In the copy, every record below must appear exactly as given, and no picture may appear.

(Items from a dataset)
--- --- ---
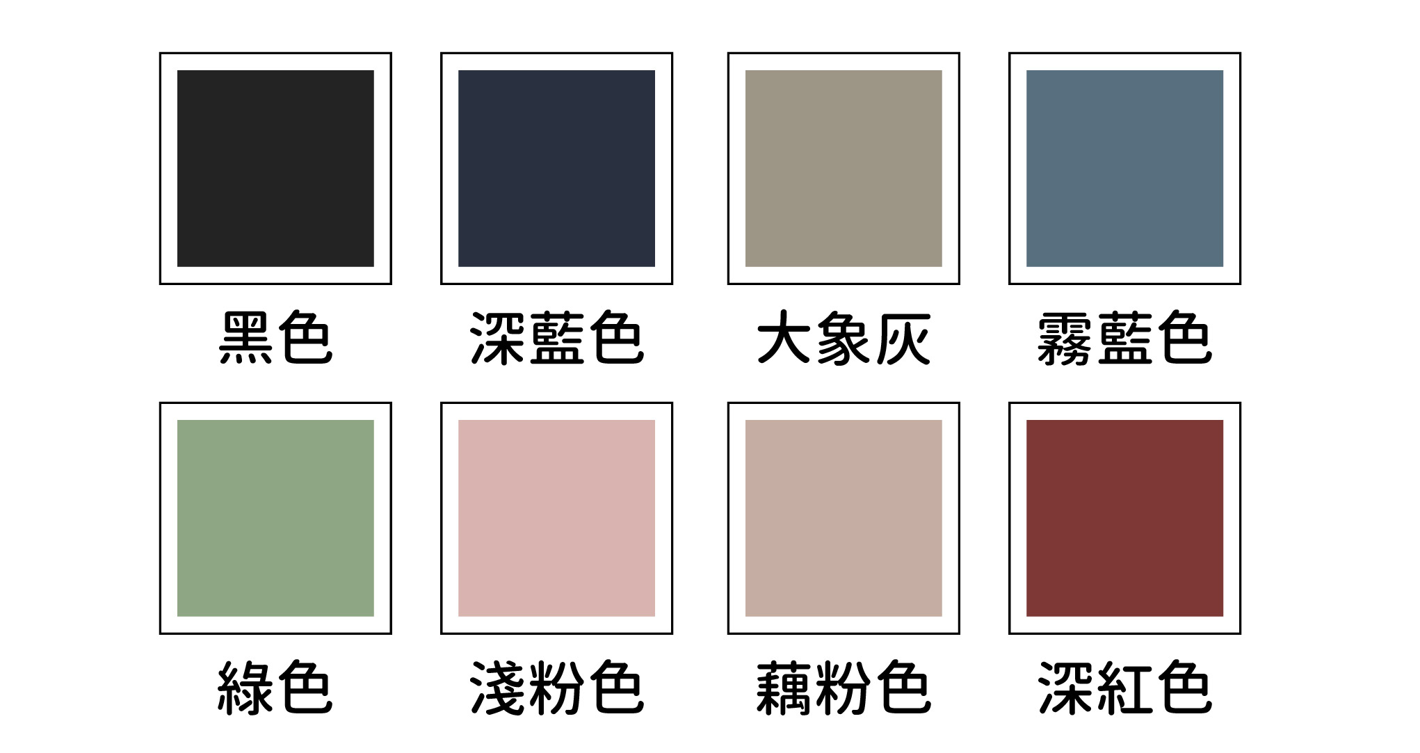 黑色、深藍色、大象灰、霧藍色、深紅色、綠色、淺粉色、藕粉色。
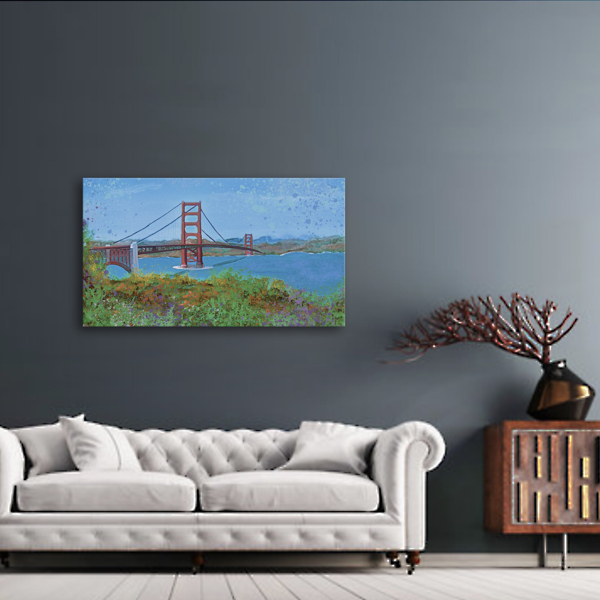 This painting will be printed onto one of our premium canvases and then stretched on a wooden frame of 1.5" x 1.5" stretcher bars. Your canvas print will be delivered to you "ready to hang" with pre-attached hanging wire, mounting hooks, and nails.
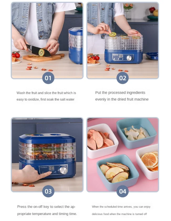 Добро пожаловать в оптовую продажу, консультация клиентов!10 часов таймера, энергосбережение и отключение звука.35-70 градусов регулируемая температура.Сухофрукты/ароматный чай/сушеное мясо/овощи/зерна/Домашние животные.Воздушные сушилки отделяют воду от пищи и поддерживают питательную ценность организма.Обычно температура контролируется между 35 и 70 градусами. Поддерживая низкую температуру и постоянную технологию контроля температуры, можно не только обеспечить питание витаминами и антоцианинами в пище.Печь нагревается, чтобы высушить приготовленную еду и разрушить питательные вещества, такие как витамины.Наименование: сушилка для пищевых продуктов.Материал: пищевой полипропиленНоминальная мощность: 250 ВтНоминальное напряжение: 220-240 В.Диапазон температур: 35-70 градусов Цельсия.Количество этажей: 5Шум: 35-50 дБРазмер:После поднятия: 230*245 ммПеред поднятием: 230*190 ммВремя: 0-10 часовХарактеристика:* Легкий и легко хранить,* Многофункциональные сухофрукты/чай/сушеное мясо/овощи/злаки/Домашние животные.* Пятислойная емкость может быть скорректирована по мере необходимости, может быть добавлен или удален по желанию, прост в использовании* 360 градусов сушка воздуха, технология циркуляции горячего воздуха, более эффективная* Энергосбережение* Механическое управление, ручная регулировка 35-70 градусов, подходит для различных компонентов при различных температурах,* Двойная защита, автоматически отключается при слишком высокой температуре, безопаснее* Съемный сетевой диск, легко чиститсяФрукты: 80 ° 10 часовОвощи: 70 ° 7 часовМясо: 60 ° 4 часа
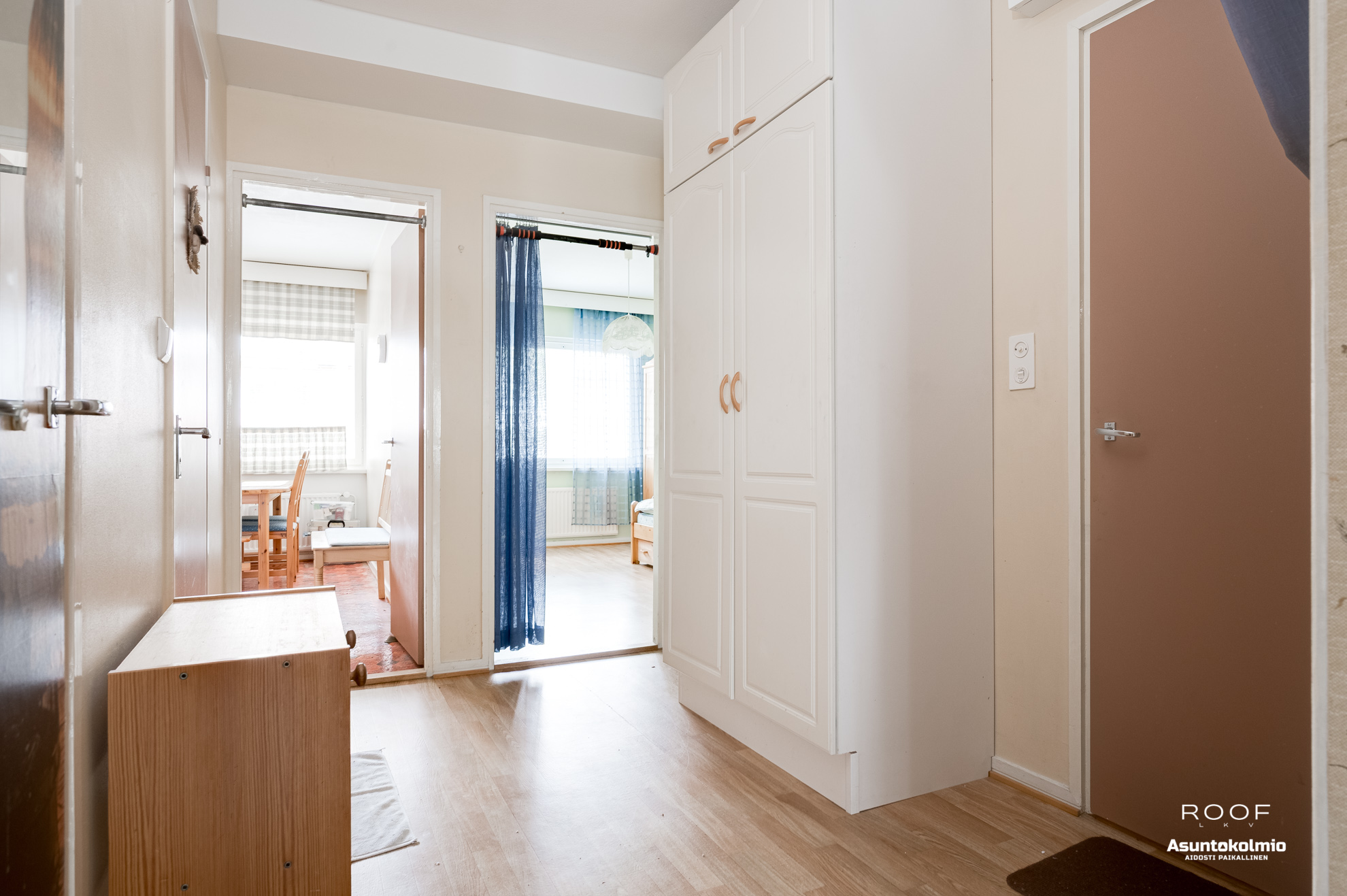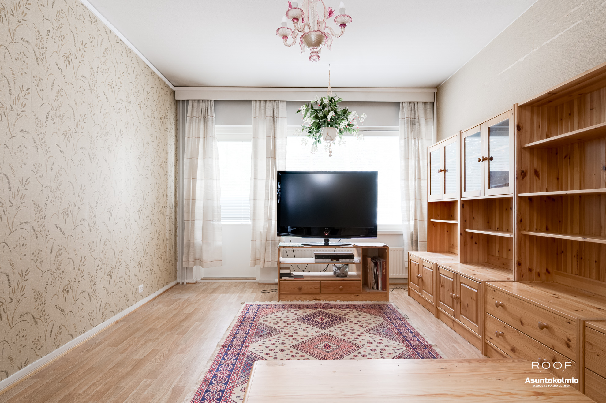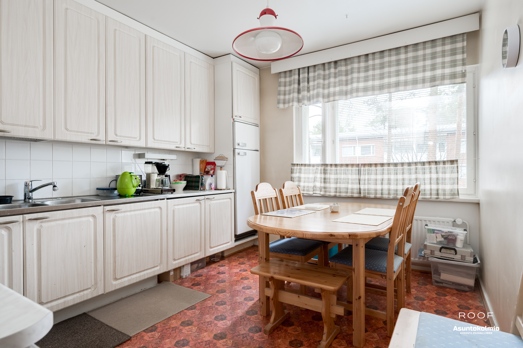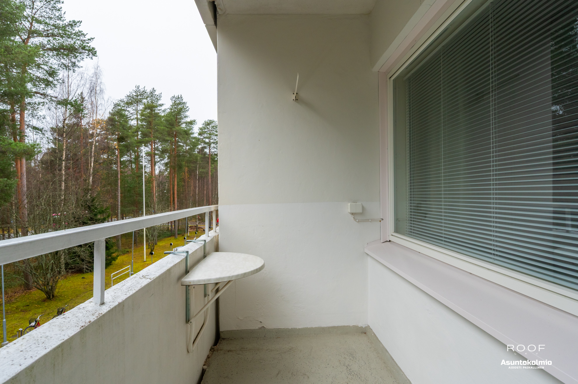 Taloyhtiö on valmistunut aikakaudella, jolloin asuntoihin tehtiin tilavat ja valoisat huoneet. Olohuone on todella reilunkokoinen, ja siitä on kulku parvekkeelle. Parvekkeella nautit aamu-auringosta ja mäntymetsä maisemasta. Vaaleansävyisessä keittiössä on hyvin kaappitilaa. Kylpyhuone on remontoitu linjasaneerauksen yhteydessä ja siellä on tilaa omalle pesukoneelle. Kaapistojen lisäksi säilytystilaa on vaatehuoneessa ja kellarikomerossa. Saunomaan pääset taloyhtiön saunaan.
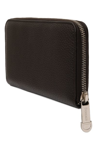 Красный миниатюрный кошелек, застегивающийся на круговую золотистую молнию, сшили из прочной мягкой кожи с крупным зернением, подчеркнутым глянцевым блеском. Внутри аксессуара разместили два отделения, в одно из которых удобн о складывать монеты, а в другое — сложенные банкноты или кредитную карту.
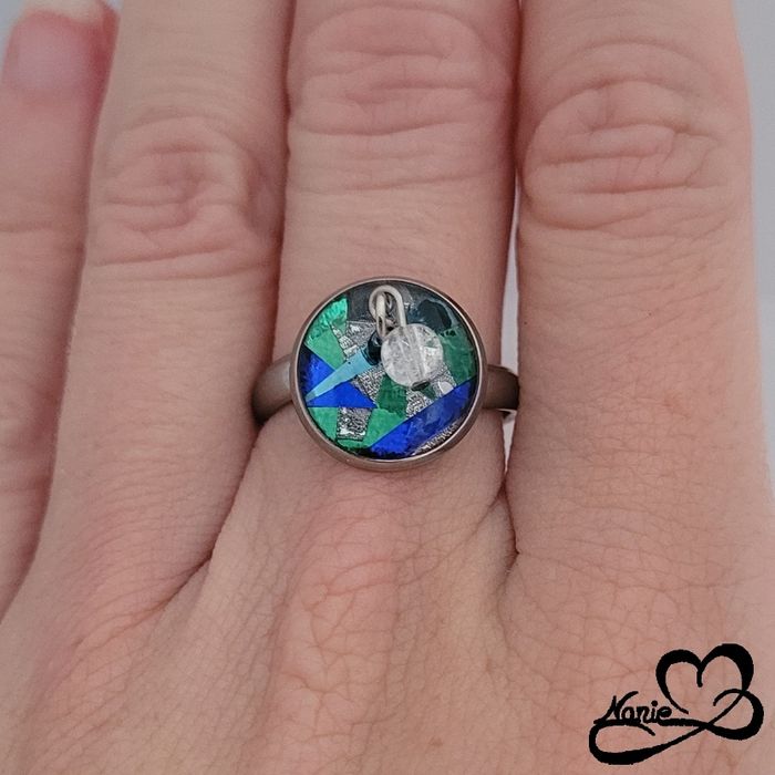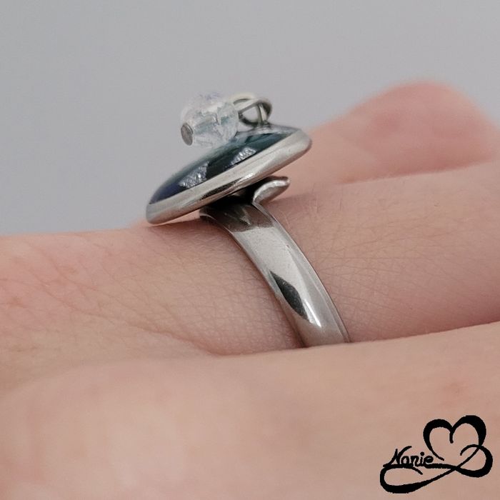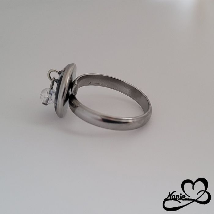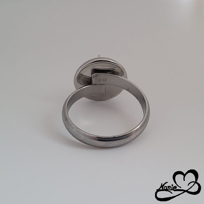 Bague ajustable ronde argentée avec une perle blanche - photo numéro 5
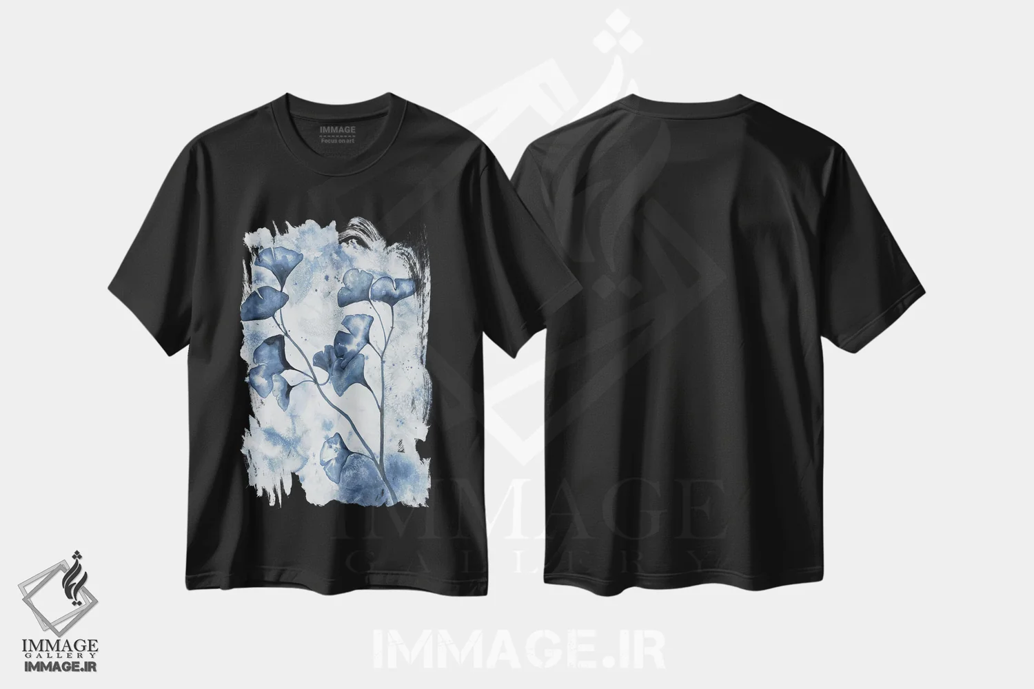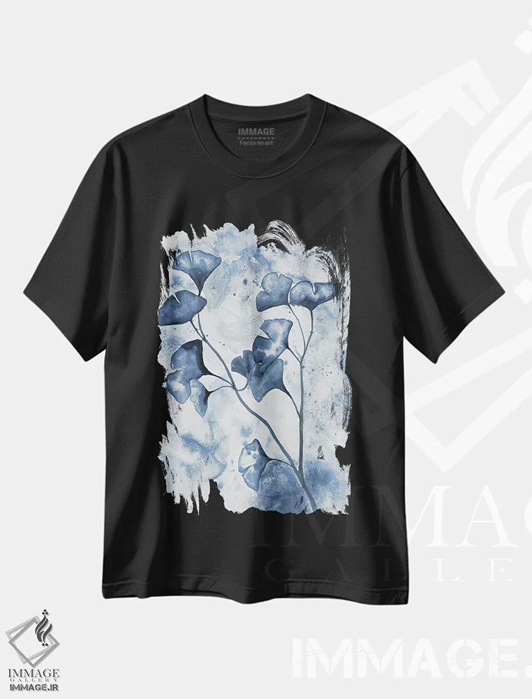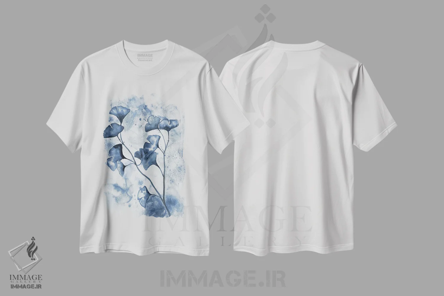 تی شرت «جینکوی آغشته به نیلی ۱»؛ هنر گیاهی در رنگ های آرام
--- --- ---
## Your solution
 黑色、深藍色、大象灰、霧藍色、深紅色、綠色、淺粉色、藕粉色。
 This painting will be printed onto one of our premium canvases and then stretched on a wooden frame of 1.5" x 1.5" stretcher bars. Your canvas print will be delivered to you "ready to hang" with pre-attached hanging wire, mounting hooks, and nails.
 Добро пожаловать в оптовую продажу, консультация клиентов!10 часов таймера, энергосбережение и отключение звука.35-70 градусов регулируемая температура.Сухофрукты/ароматный чай/сушеное мясо/овощи/зерна/Домашние животные.Воздушные сушилки отделяют воду от пищи и поддерживают питательную ценность организма.Обычно температура контролируется между 35 и 70 градусами. Поддерживая низкую температуру и постоянную технологию контроля температуры, можно не только обеспечить питание витаминами и антоцианинами в пище.Печь нагревается, чтобы высушить приготовленную еду и разрушить питательные вещества, такие как витамины.Наименование: сушилка для пищевых продуктов.Материал: пищевой полипропиленНоминальная мощность: 250 ВтНоминальное напряжение: 220-240 В.Диапазон температур: 35-70 градусов Цельсия.Количество этажей: 5Шум: 35-50 дБРазмер:После поднятия: 230*245 ммПеред поднятием: 230*190 ммВремя: 0-10 часовХарактеристика:* Легкий и легко хранить,* Многофункциональные сухофрукты/чай/сушеное мясо/овощи/злаки/Домашние животные.* Пятислойная емкость может быть скорректирована по мере необходимости, может быть добавлен или удален по желанию, прост в использовании* 360 градусов сушка воздуха, технология циркуляции горячего воздуха, более эффективная* Энергосбережение* Механическое управление, ручная регулировка 35-70 градусов, подходит для различных компонентов при различных температурах,* Двойная защита, автоматически отключается при слишком высокой температуре, безопаснее* Съемный сетевой диск, легко чиститсяФрукты: 80 ° 10 часовОвощи: 70 ° 7 часовМясо: 60 ° 4 часа
 Taloyhtiö on valmistunut aikakaudella, jolloin asuntoihin tehtiin tilavat ja valoisat huoneet. Olohuone on todella reilunkokoinen, ja siitä on kulku parvekkeelle. Parvekkeella nautit aamu-auringosta ja mäntymetsä maisemasta. Vaaleansävyisessä keittiössä on hyvin kaappitilaa. Kylpyhuone on remontoitu linjasaneerauksen yhteydessä ja siellä on tilaa omalle pesukoneelle. Kaapistojen lisäksi säilytystilaa on vaatehuoneessa ja kellarikomerossa. Saunomaan pääset taloyhtiön saunaan.
 Красный миниатюрный кошелек, застегивающийся на круговую золотистую молнию, сшили из прочной мягкой кожи с крупным зернением, подчеркнутым глянцевым блеском. Внутри аксессуара разместили два отделения, в одно из которых удобн о складывать монеты, а в другое — сложенные банкноты или кредитную карту.
 Bague ajustable ronde argentée avec une perle blanche - photo numéro 5
 تی شرت «جینکوی آغشته به نیلی ۱»؛ هنر گیاهی در رنگ های آرام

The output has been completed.